Directions for this task = Write again exactly the lines in the listing below, starting at the line with "继续前进,我找到了一块略为平" and ending at the line with "Sechs Lebensversicherer schafften", both included. Pictures are not copied.

Source data =
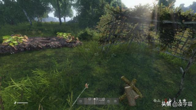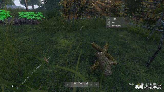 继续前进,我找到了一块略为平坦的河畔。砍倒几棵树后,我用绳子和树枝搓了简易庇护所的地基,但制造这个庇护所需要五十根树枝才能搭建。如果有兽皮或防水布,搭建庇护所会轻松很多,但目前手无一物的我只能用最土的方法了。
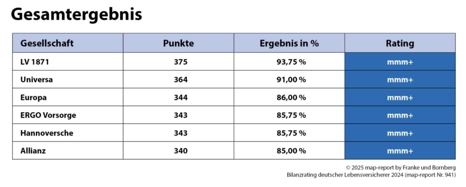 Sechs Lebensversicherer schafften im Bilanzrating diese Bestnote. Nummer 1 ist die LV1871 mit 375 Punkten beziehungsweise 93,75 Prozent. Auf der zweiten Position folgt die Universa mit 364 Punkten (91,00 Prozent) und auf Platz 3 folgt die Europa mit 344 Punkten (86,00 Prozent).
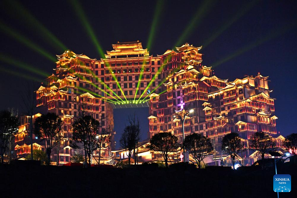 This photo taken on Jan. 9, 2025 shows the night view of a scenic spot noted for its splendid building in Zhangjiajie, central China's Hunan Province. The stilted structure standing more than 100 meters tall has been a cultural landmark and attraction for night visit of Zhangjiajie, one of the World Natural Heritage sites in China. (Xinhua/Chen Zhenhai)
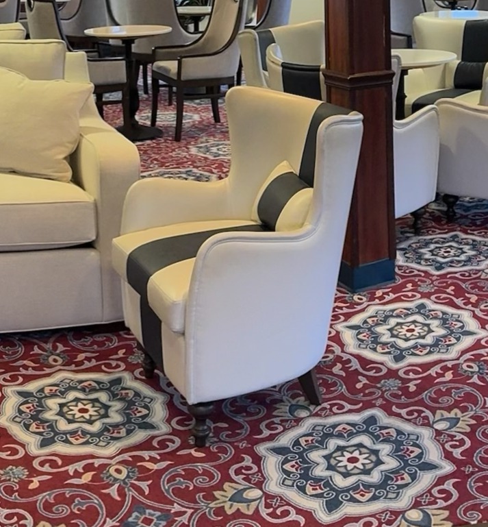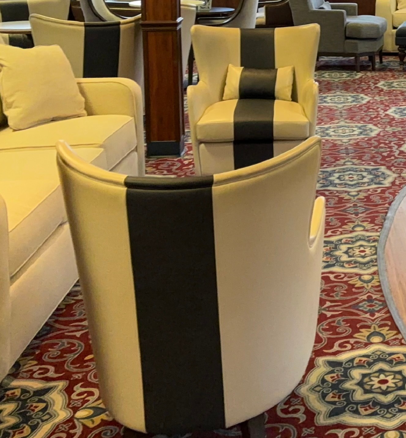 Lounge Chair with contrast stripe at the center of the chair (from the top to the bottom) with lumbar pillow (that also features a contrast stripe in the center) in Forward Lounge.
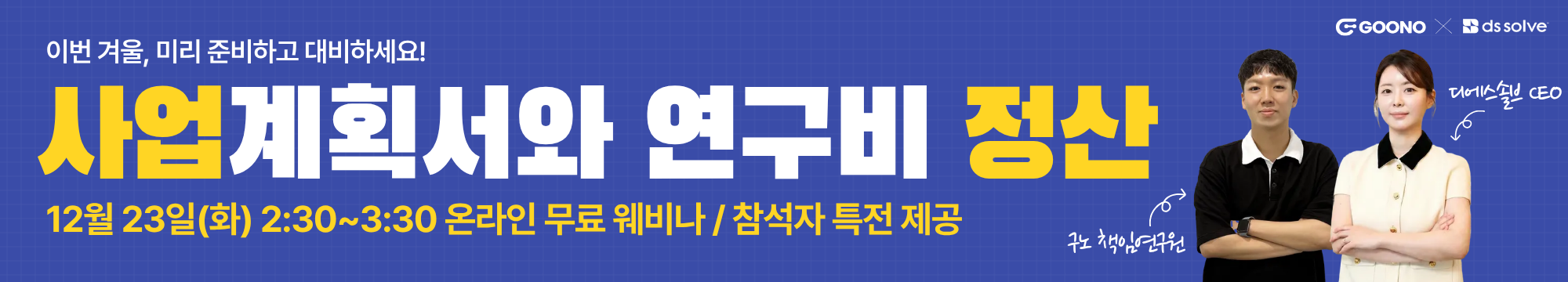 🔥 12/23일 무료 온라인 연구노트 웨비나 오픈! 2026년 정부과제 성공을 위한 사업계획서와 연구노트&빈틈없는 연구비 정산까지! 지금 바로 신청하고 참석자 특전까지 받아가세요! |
* * *
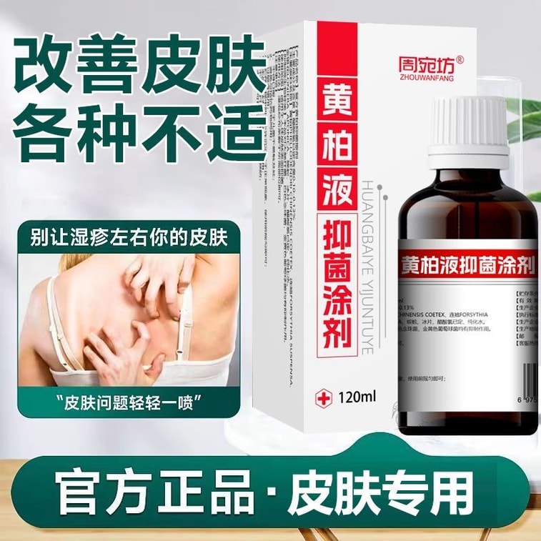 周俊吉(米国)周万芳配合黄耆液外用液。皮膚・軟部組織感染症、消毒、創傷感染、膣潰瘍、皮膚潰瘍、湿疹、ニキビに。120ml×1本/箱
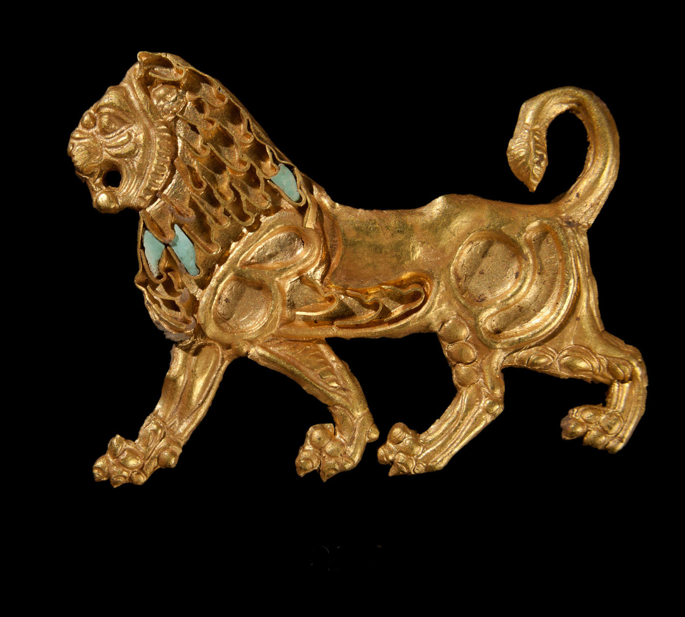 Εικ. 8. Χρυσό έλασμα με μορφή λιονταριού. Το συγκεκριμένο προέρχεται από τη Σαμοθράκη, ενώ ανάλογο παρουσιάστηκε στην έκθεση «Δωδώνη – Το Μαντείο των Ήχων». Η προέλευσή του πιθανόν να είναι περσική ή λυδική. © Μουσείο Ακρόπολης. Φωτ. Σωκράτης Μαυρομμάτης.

Task response =
 继续前进,我找到了一块略为平坦的河畔。砍倒几棵树后,我用绳子和树枝搓了简易庇护所的地基,但制造这个庇护所需要五十根树枝才能搭建。如果有兽皮或防水布,搭建庇护所会轻松很多,但目前手无一物的我只能用最土的方法了。
 Sechs Lebensversicherer schafften im Bilanzrating diese Bestnote. Nummer 1 ist die LV1871 mit 375 Punkten beziehungsweise 93,75 Prozent. Auf der zweiten Position folgt die Universa mit 364 Punkten (91,00 Prozent) und auf Platz 3 folgt die Europa mit 344 Punkten (86,00 Prozent).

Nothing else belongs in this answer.